§ Records supplied

________________________________________

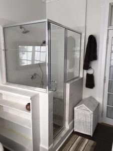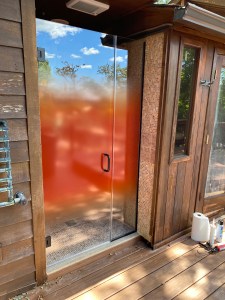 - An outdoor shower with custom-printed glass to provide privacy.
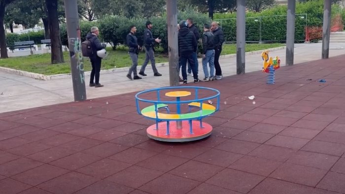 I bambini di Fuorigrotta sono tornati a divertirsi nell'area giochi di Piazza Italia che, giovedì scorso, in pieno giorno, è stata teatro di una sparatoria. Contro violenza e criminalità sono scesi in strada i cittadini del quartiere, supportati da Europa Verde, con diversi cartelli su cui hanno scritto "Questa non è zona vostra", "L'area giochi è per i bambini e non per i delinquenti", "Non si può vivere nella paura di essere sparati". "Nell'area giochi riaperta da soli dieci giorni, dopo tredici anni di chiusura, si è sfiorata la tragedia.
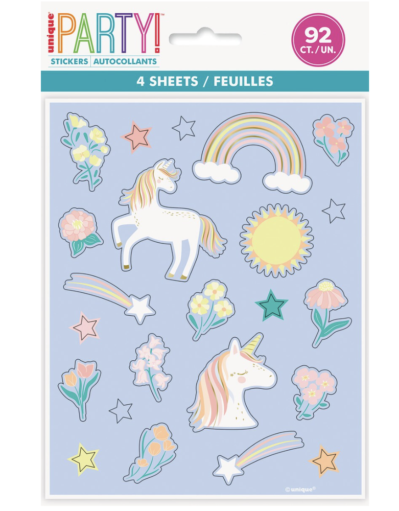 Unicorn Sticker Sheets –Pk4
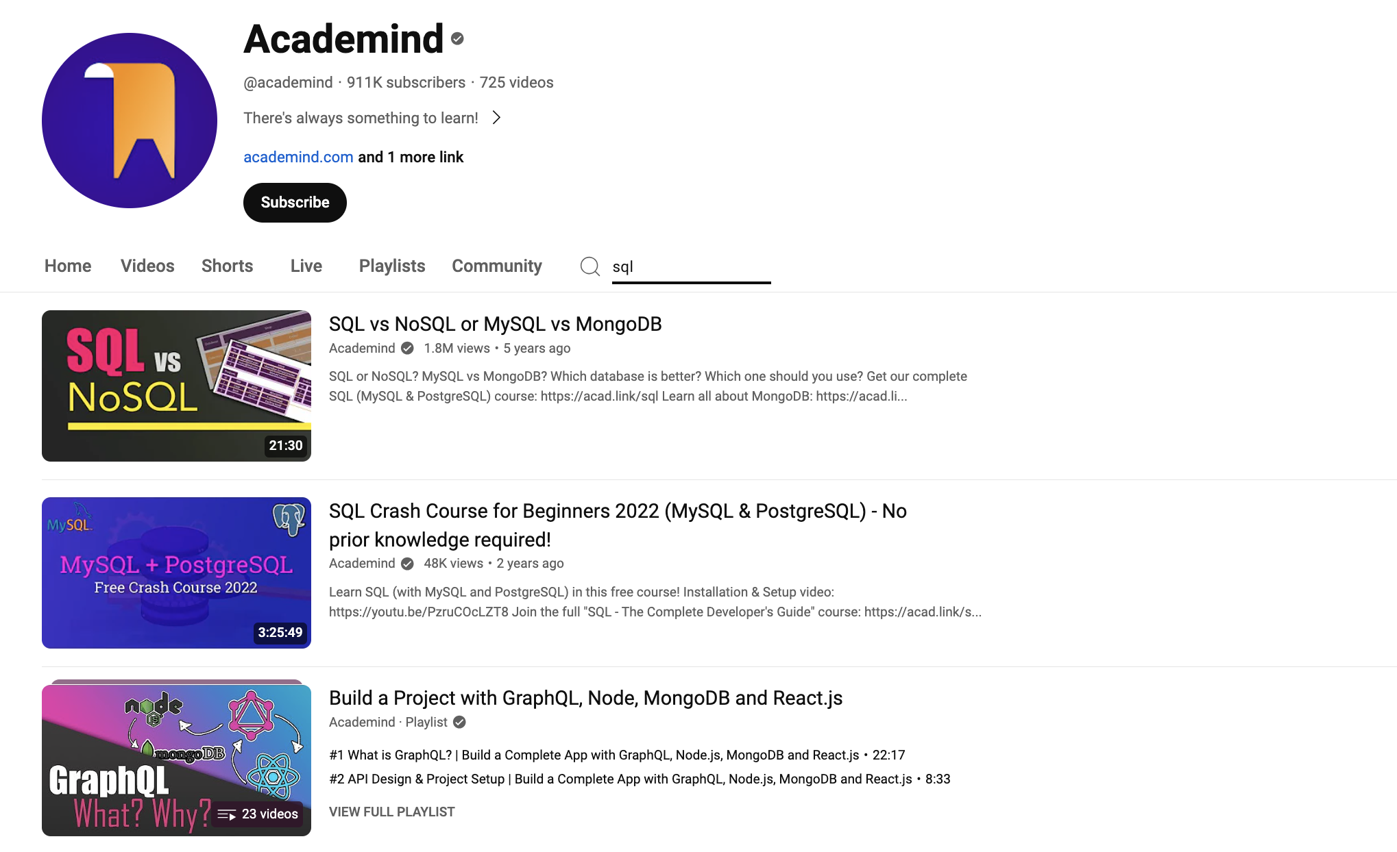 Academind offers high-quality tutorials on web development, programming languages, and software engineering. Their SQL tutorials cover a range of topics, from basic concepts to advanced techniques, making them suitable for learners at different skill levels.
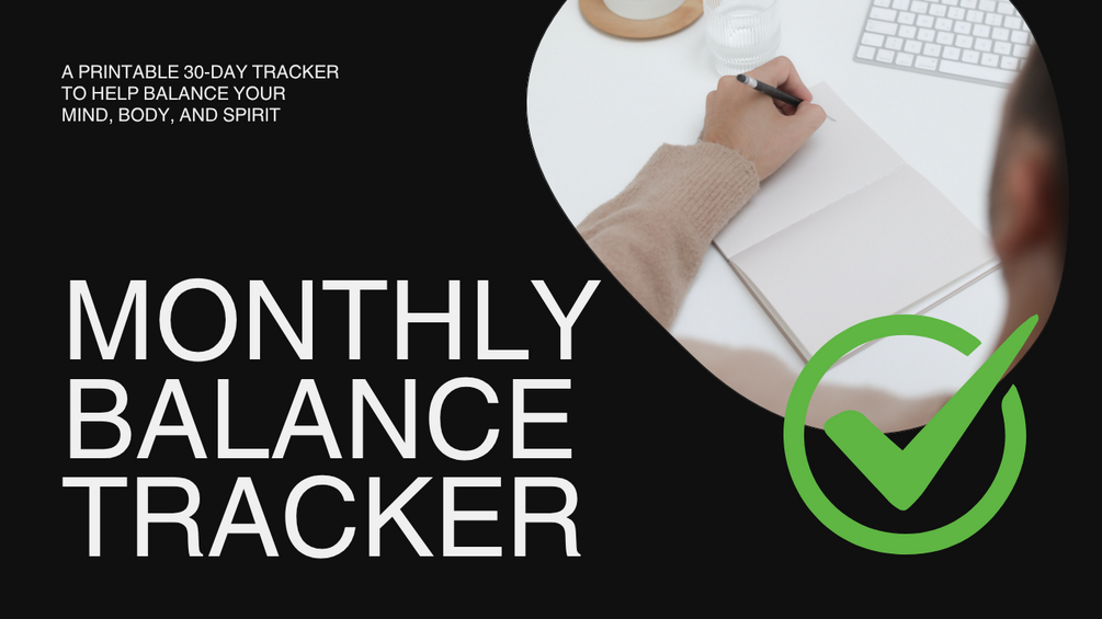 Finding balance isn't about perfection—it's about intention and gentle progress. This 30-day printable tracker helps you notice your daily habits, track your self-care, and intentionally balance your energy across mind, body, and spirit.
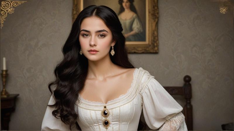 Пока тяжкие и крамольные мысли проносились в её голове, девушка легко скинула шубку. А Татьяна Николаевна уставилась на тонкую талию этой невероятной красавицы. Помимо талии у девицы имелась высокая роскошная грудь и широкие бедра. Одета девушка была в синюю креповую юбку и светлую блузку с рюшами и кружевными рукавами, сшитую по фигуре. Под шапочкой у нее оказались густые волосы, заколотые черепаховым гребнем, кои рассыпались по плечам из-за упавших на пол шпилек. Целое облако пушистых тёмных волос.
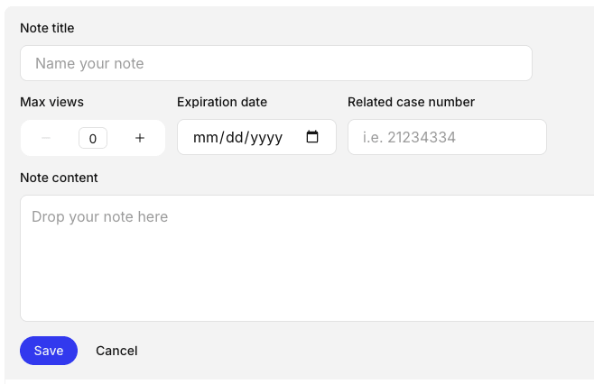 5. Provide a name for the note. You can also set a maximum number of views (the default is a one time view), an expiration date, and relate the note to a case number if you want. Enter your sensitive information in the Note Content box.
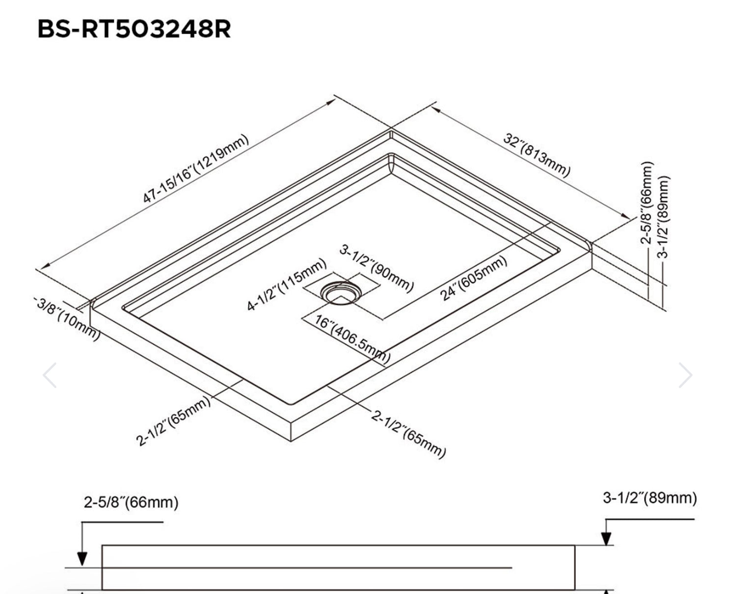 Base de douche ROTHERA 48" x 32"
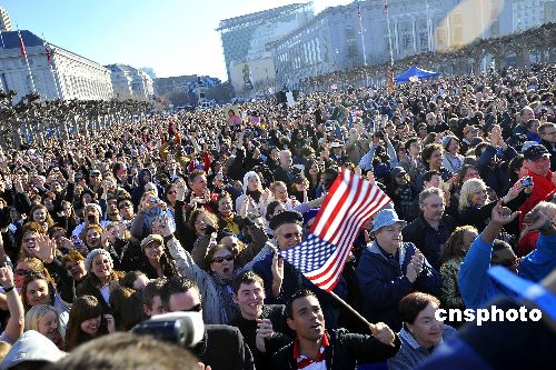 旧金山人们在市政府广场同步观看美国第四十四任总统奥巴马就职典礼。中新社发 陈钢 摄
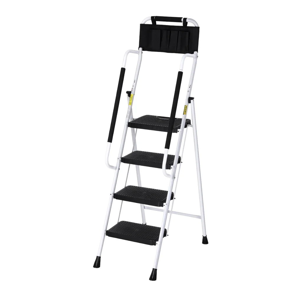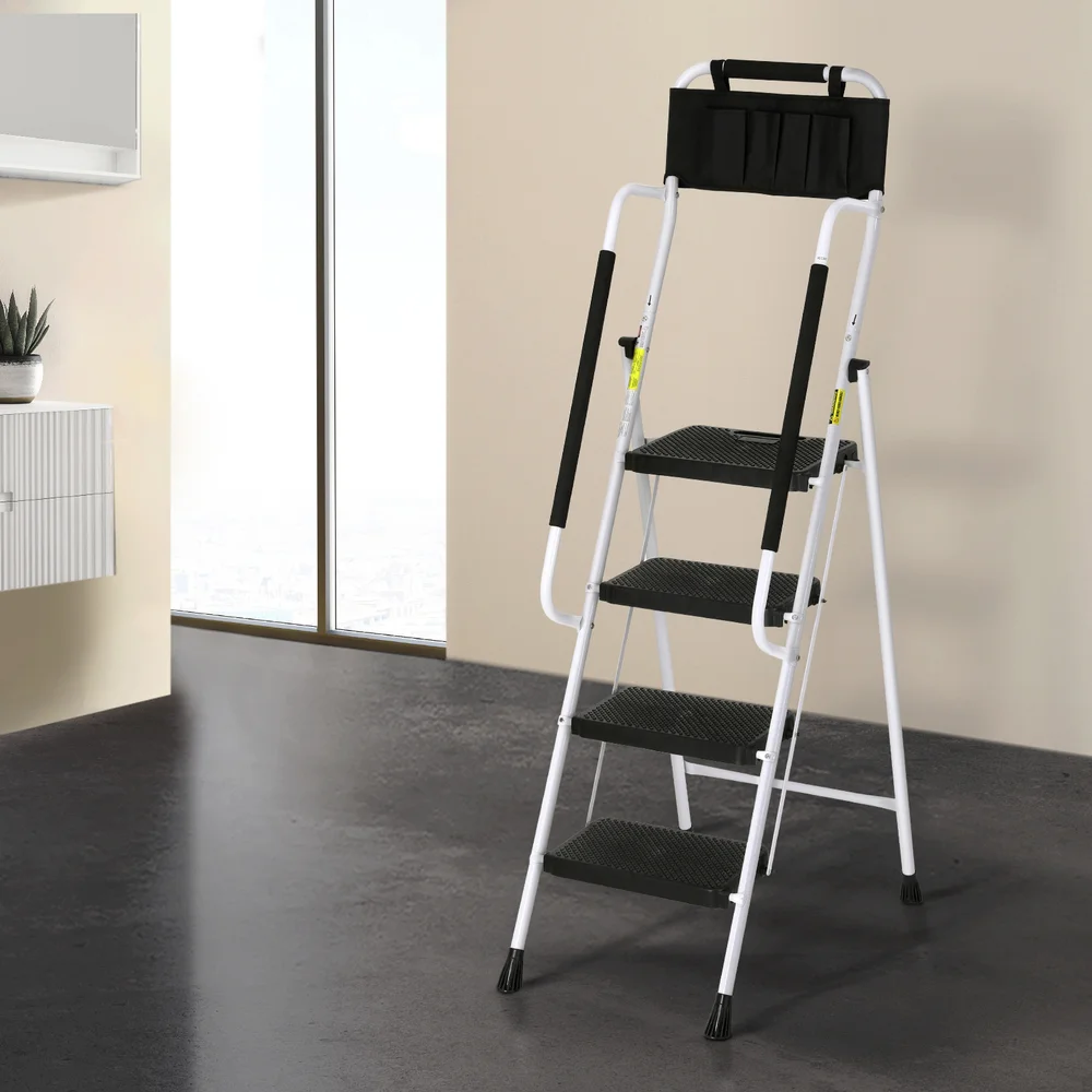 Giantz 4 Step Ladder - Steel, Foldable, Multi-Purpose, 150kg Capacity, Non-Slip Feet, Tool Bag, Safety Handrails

________________________________________

Since the listing holds pictures, return everything else in it exactly and omit those.

§ Solution to this problem
 - An outdoor shower with custom-printed glass to provide privacy.
 I bambini di Fuorigrotta sono tornati a divertirsi nell'area giochi di Piazza Italia che, giovedì scorso, in pieno giorno, è stata teatro di una sparatoria. Contro violenza e criminalità sono scesi in strada i cittadini del quartiere, supportati da Europa Verde, con diversi cartelli su cui hanno scritto "Questa non è zona vostra", "L'area giochi è per i bambini e non per i delinquenti", "Non si può vivere nella paura di essere sparati". "Nell'area giochi riaperta da soli dieci giorni, dopo tredici anni di chiusura, si è sfiorata la tragedia.
 Unicorn Sticker Sheets –Pk4
 Academind offers high-quality tutorials on web development, programming languages, and software engineering. Their SQL tutorials cover a range of topics, from basic concepts to advanced techniques, making them suitable for learners at different skill levels.
 Finding balance isn't about perfection—it's about intention and gentle progress. This 30-day printable tracker helps you notice your daily habits, track your self-care, and intentionally balance your energy across mind, body, and spirit.
 Пока тяжкие и крамольные мысли проносились в её голове, девушка легко скинула шубку. А Татьяна Николаевна уставилась на тонкую талию этой невероятной красавицы. Помимо талии у девицы имелась высокая роскошная грудь и широкие бедра. Одета девушка была в синюю креповую юбку и светлую блузку с рюшами и кружевными рукавами, сшитую по фигуре. Под шапочкой у нее оказались густые волосы, заколотые черепаховым гребнем, кои рассыпались по плечам из-за упавших на пол шпилек. Целое облако пушистых тёмных волос.
 5. Provide a name for the note. You can also set a maximum number of views (the default is a one time view), an expiration date, and relate the note to a case number if you want. Enter your sensitive information in the Note Content box.
 Base de douche ROTHERA 48" x 32"
 旧金山人们在市政府广场同步观看美国第四十四任总统奥巴马就职典礼。中新社发 陈钢 摄
 Giantz 4 Step Ladder - Steel, Foldable, Multi-Purpose, 150kg Capacity, Non-Slip Feet, Tool Bag, Safety Handrails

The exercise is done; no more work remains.